This is in keeping with the Securities and Exchange Board of India norm requiring listed companies to review accounts every quarter.
A quarterly review of accounts is intended to provide timely feedback to shareholders on the financial position of the banks, covering advances, provisions for non-performing assets, investments, income and expenditure.
The thrust will be on verification of income and expenditure rather than on balance sheet items. The central bank is also planning to ask banks to have their six-month results audited, in line with the norms for companies. Banks have only their yearly results audited.
All public sector banks now submit half-yearly reviews or reports to the RBI within 60 days of the close of the half-year.
Further, in compliance with Clause 41 of the listing agreement, these reviews and reports are submitted by the banks to the stock exchanges where their shares are listed.
The half-yearly review of accounts was introduced from the half-year ended September 30, 2001. For the half-yearly review of NPAs, at least 50 per cent of the advances of a bank is covered.
During the review, statutory central auditors have to examine whether norms on income recognition, asset classification and provisioning issued by the RBI from time to time have been followed.

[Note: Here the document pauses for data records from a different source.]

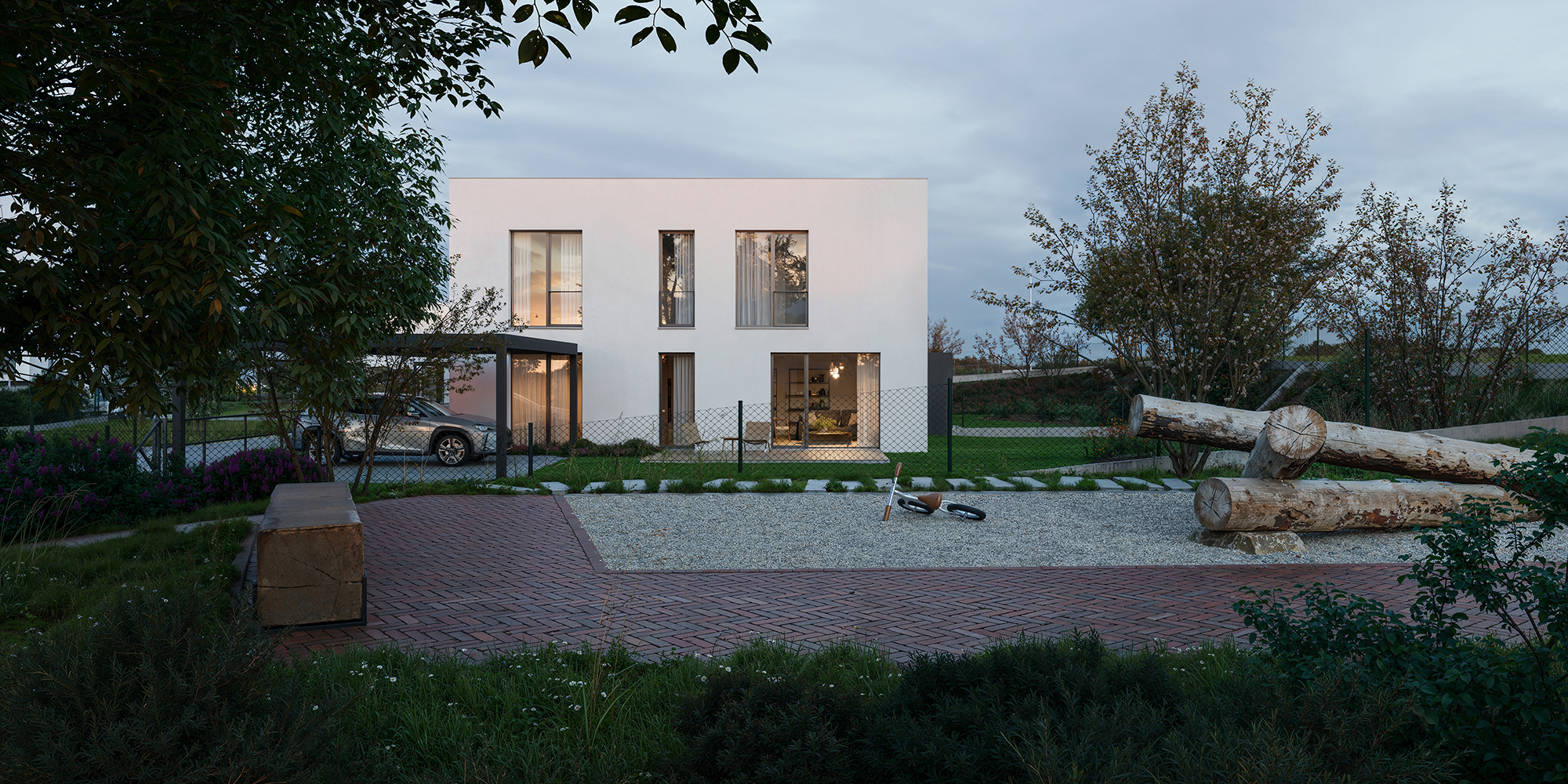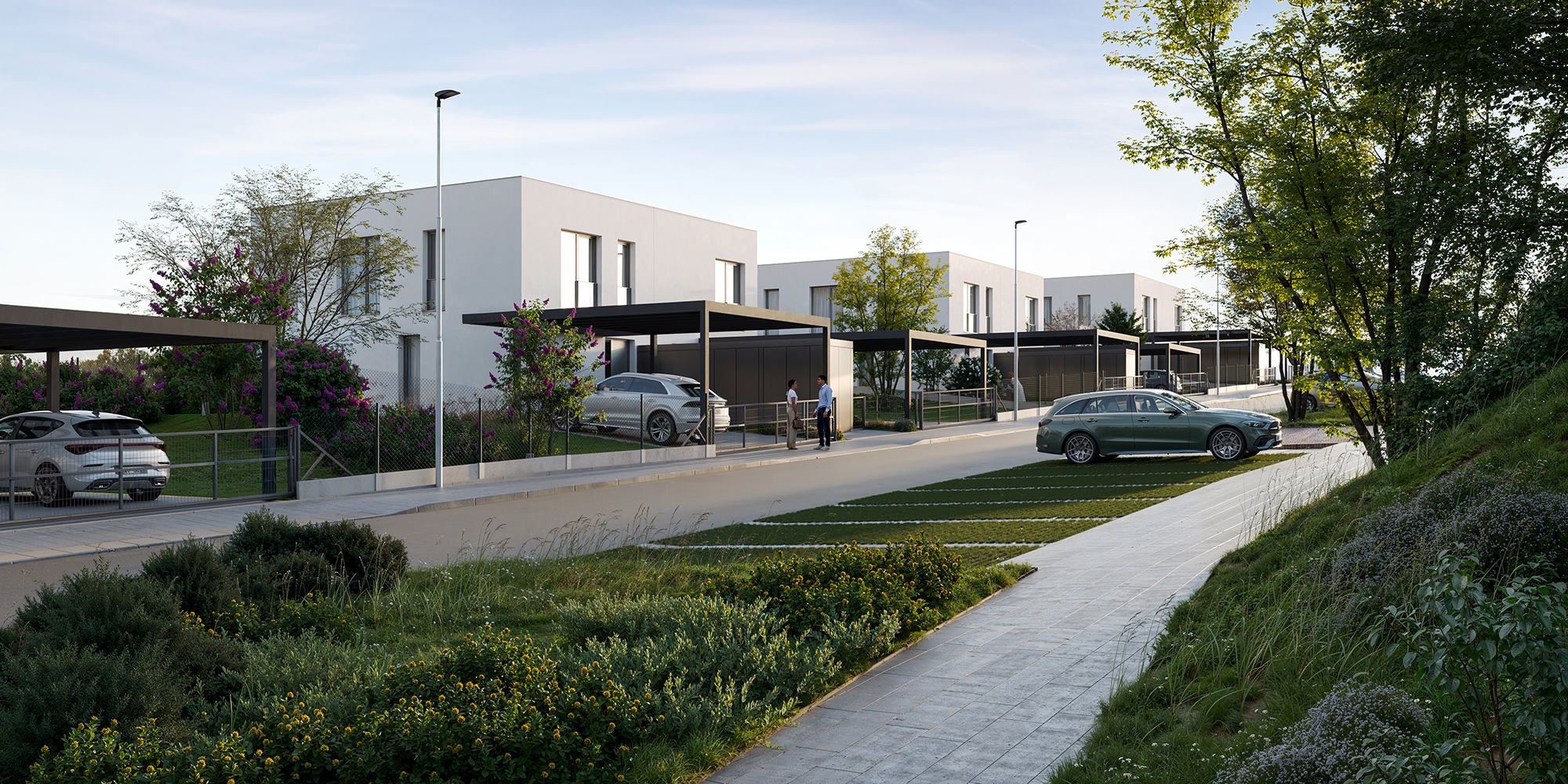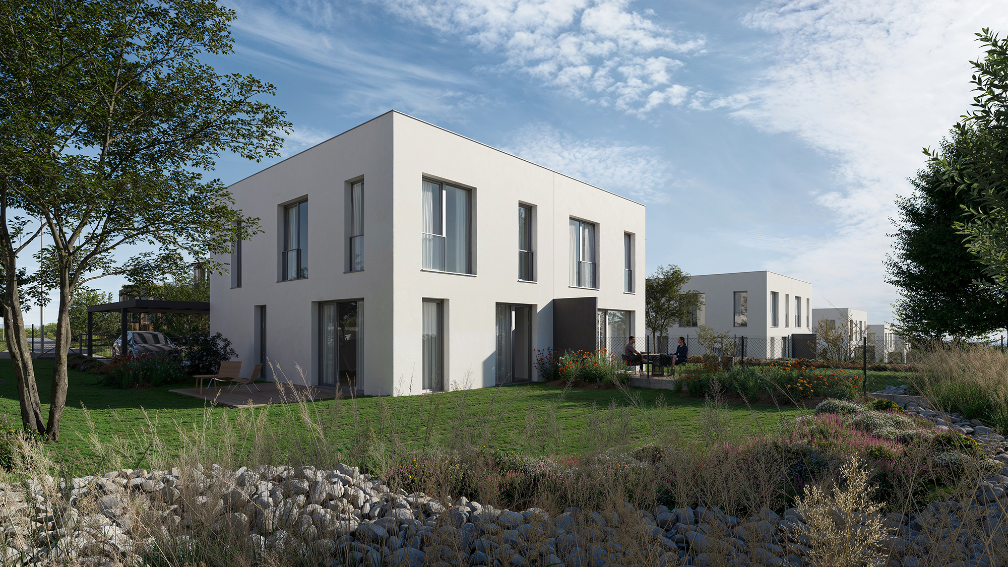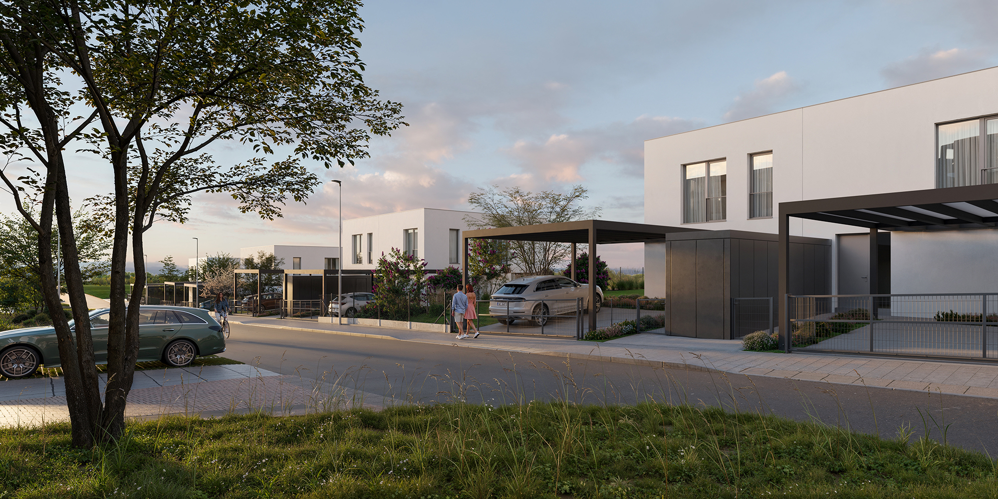 Spacious houses with large windows flood the interiors with natural light and brighten every corner. Private gardens and terraces invite you to relax, celebrate with family or enjoy evenings with friends under the stars.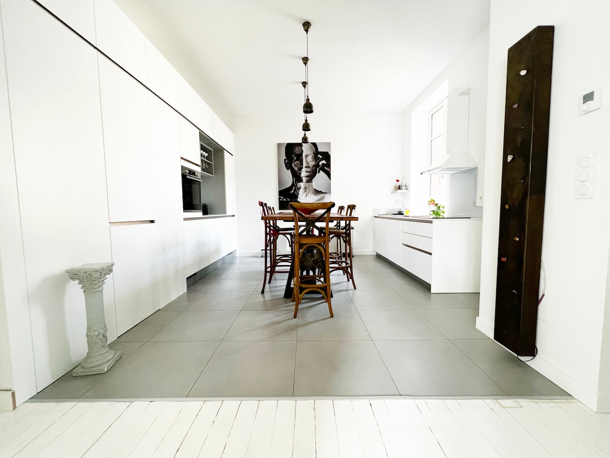 Dans un écrin de verdure & de calme d'un magnifique château du XVe siècle située à l'entrée de notre belle cité médiévale Dinan, vous séjournerez dans un appartement loft de 54m2 au rdc du batiment principal. Vous découvrirez sa magnifique cheminée monumentale et vous tomberez sous le charme de cet édifice authentique, chargé d'histoire avec tout le confort moderne au coeur d'un beau parc de 3 hectares avec son étang à seulement 15 min à pieds du centre historique ou 3 min en bus gratuit.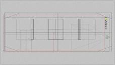 Here we go again. I rotated the beams, window and the door frames by Z=0.001 to get rid of the "alignment-bug". I found a light assembly left-over that I deleted. Then I still had a hypertexture shadow capture sandwich on the floor I forgot to delete from earlier experiments. I added two 2D faces with reduced transparency, one between floor and the lower flattened cube parallel light and one between the ceiling and the upper ligh sheet. With them, the brightness of the floor and the ceiling can be balanced. The upper face looking down and the lower face looking up is considered by TA to light the walls. Render time is now 30% (256 rpp), file size 58% and memory usage 53% of Rashad's original.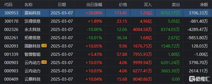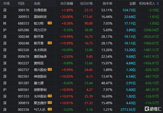 龙虎榜中涉及机构专用席位的个股中,单日净卖出额前三为汉得信息、震裕科技、同力日升,分别为3.19亿元、1.81亿元、3268.54万元。

Public sector banks have to make full provision for NPAs for the six months ending September 30 every year.
Moreover, at the time of ascertaining the total NPAs, banks have to keep in view their total number at the end of the previous financial year, the change in the status of any account during the half-year for which the review is undertaken and new accounts, which have become NPAs.
Barring a handful of nationalised banks like Uco Bank, United Bank of India, Indian Bank, Central Bank of India and Bank of Maharashtra, all banks are listed. The State Bank of India and some of its seven associate banks are also listed.
Public sector banks with large networks will have to overhaul their infotech infrastructure to comply with the new directive.